В аристократическом клубе лакей подает одному из заправил рюмку портвейна. Отличный портвейн.
– Сколько у нас бутылок этого портвейна? – спрашивает джентльмен.
– Четыреста, сэр.
– Четыреста?! Винная комиссия сошла с ума! Мы не успеем выпить четыреста бутылок за четыре месяца!
И именно нелепость гнева клубного заправилы, который сокрушается, что вино не будет до конца распито, хотя через четыре месяца и вино, и деньги, и клуб, и все его члены полетят к черту, – именно эта нелогичность более всего убедительна.
Подводная лодка отправляется в разведывательный рейс: посмотреть, не осталось ли в мире хоть что-нибудь живое. Она всплывает в гавани Сан-Франциско. Командир первым подходит к перископу, с треском откидывает ручки – и перед нами проходят панорамы абсолютно мертвого, беззвучного города. Никаких следов разрушений, но и ничего живого. Пустота.
Командир с треском складывает ручки перископа. Их откидывает старший офицер, глядит в визир. Снова напряженное ожидание – и снова сухой треск сложенных ручек. Подходит третий. Четвертый. Пятый. Шестой. Седьмой… Однообразный металлический треск сложенных ручек – и ни слова. Это убеждает в том, что мир мертв, сильнее, чем могли бы убедить десятки кадров грандиозных разрушений, чем целые горы трупов. Кстати, в картине о гибели мира нет ни одного мертвеца!
Сбежал с подводной лодки матрос, житель Сан-Франциско. Наутро его находят: он сидит в утлой лодчонке и ловит рыбу, босой и счастливый. Из воды, рядом с лодкой, вырастают чудовищные рога перископа.
– Как вы себя чувствуете? – спрашивает откуда-то из глубины залива металлический голос командира, и тусклые глаза перископа поворачиваются к матросу.
– Отлично, сэр.
– Вы что-нибудь ели на берегу?
– Съел порошок и выпил морской воды, сэр!
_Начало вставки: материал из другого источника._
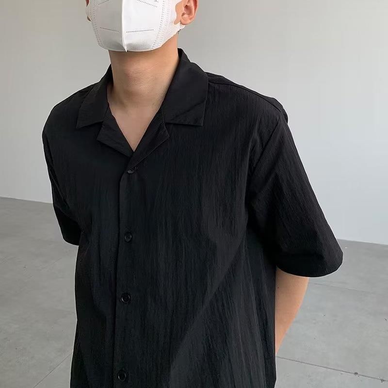 Korean summer Cuban collar cotton linen short sleeved shirt for men, white linen loose vacation style, versatile short lining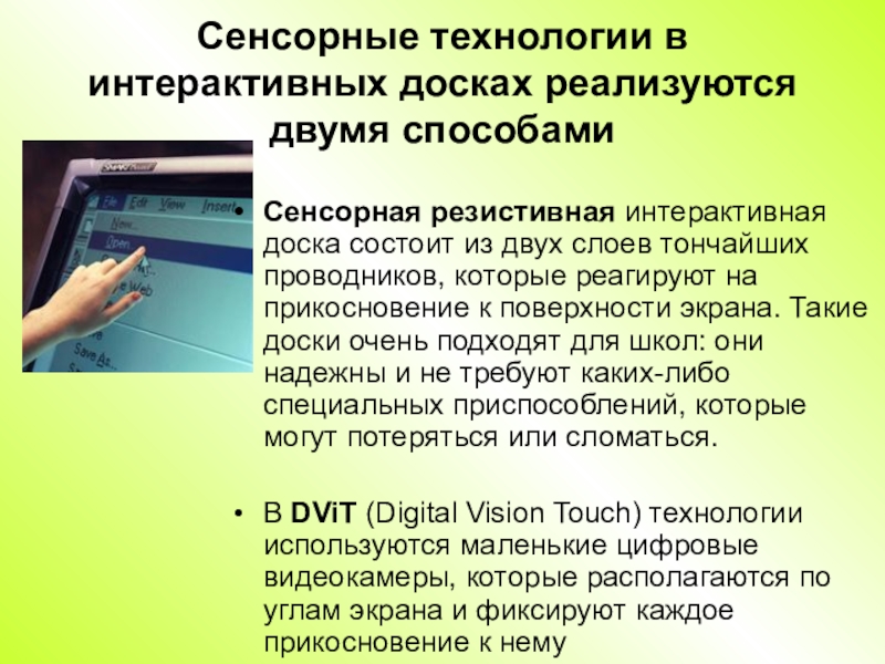 Слайд 7Сенсорные технологии в интерактивных досках реализуются двумя способами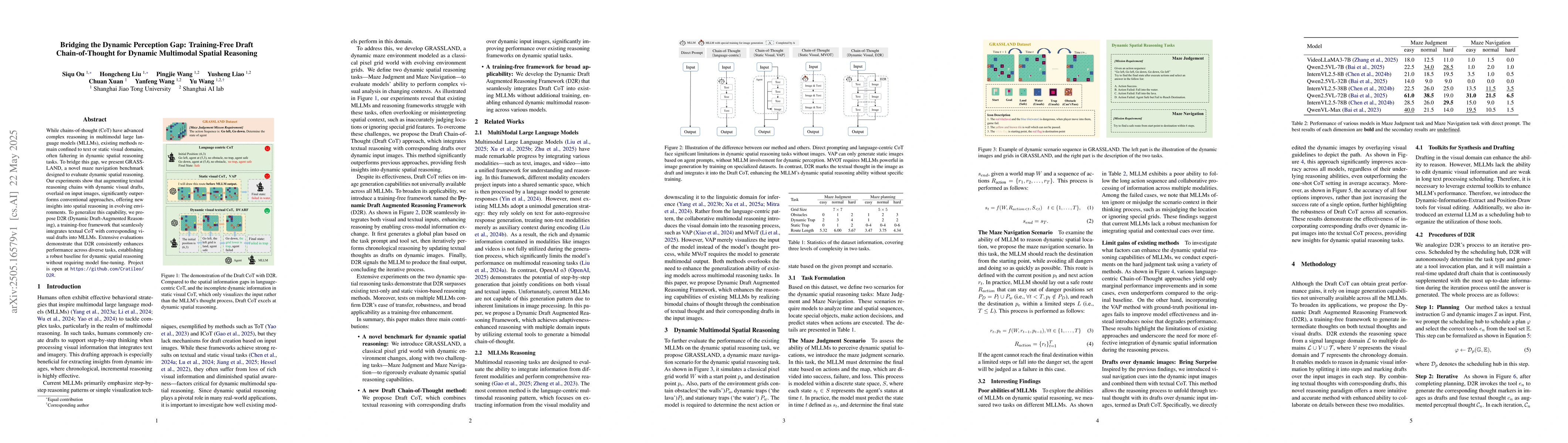 The research introduces GRASSLAND, a maze navigation benchmark for dynamic spatial reasoning, and proposes D2R, a training-free framework that combines textual chains-of-thought with dynamic visual drafts for multimodal large language models.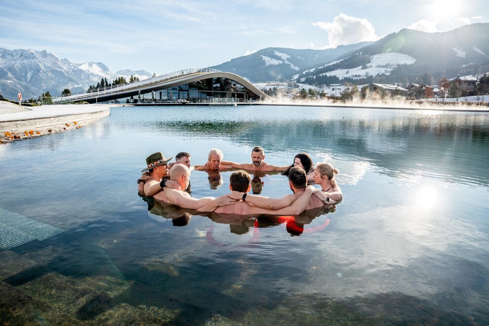 The family-friendly REFUGIUM attracts guests with saunas, steam baths, an indoor and outdoor pool and treatment rooms for beauty and body treatments. New since April 2023 is the iconic spa ATMOSPHERE by Krallerhof - Adults Only - with a 5,500 square meter natural bathing lake, a whirlpool embedded in it and the 50 meter infinity pool, as well as numerous saunas, a blue grotto as an energetic center and a yoga room. The relaxation room with a view of the mountains is especially suitable for allergy sufferers and the café by the lake with its retractable façade invites you to relax. ATMOSPHERE was designed by star architect Hadi Teherani.

(Короткое молчание: матрос пил радиоактивную воду, – значит, он не только обречен, но его уже нельзя взять обратно в лодку: он заразит других.)
– Не нужна ли вам помощь? (Имеется в виду яд для самоубийства.)
– В городе двести аптек, сэр…
Здесь нет аффектации, это точно, и это – кинематограф, которому веришь.
Один из лучших кусков картины – эпизод автогонок. Это уже после возвращения подводной лодки. Мы видели немало зверских автомобильных гонок в кино. Но здесь есть одна особенность: гонки абсолютно бессмысленны. Звание чемпиона Австралии никому не нужно. Все равно через две недели всему конец. И все-таки люди мчатся в немыслимом темпе, автомобили вылетают с трека, кувыркаются, разбиваются вдребезги, как яичная скорлупа, сталкиваются, взрываются – и несутся, несутся, несутся с чудовищной, самоубийственной скоростью.
Эпизод символичен: гонки, в которых только один финал – смерть.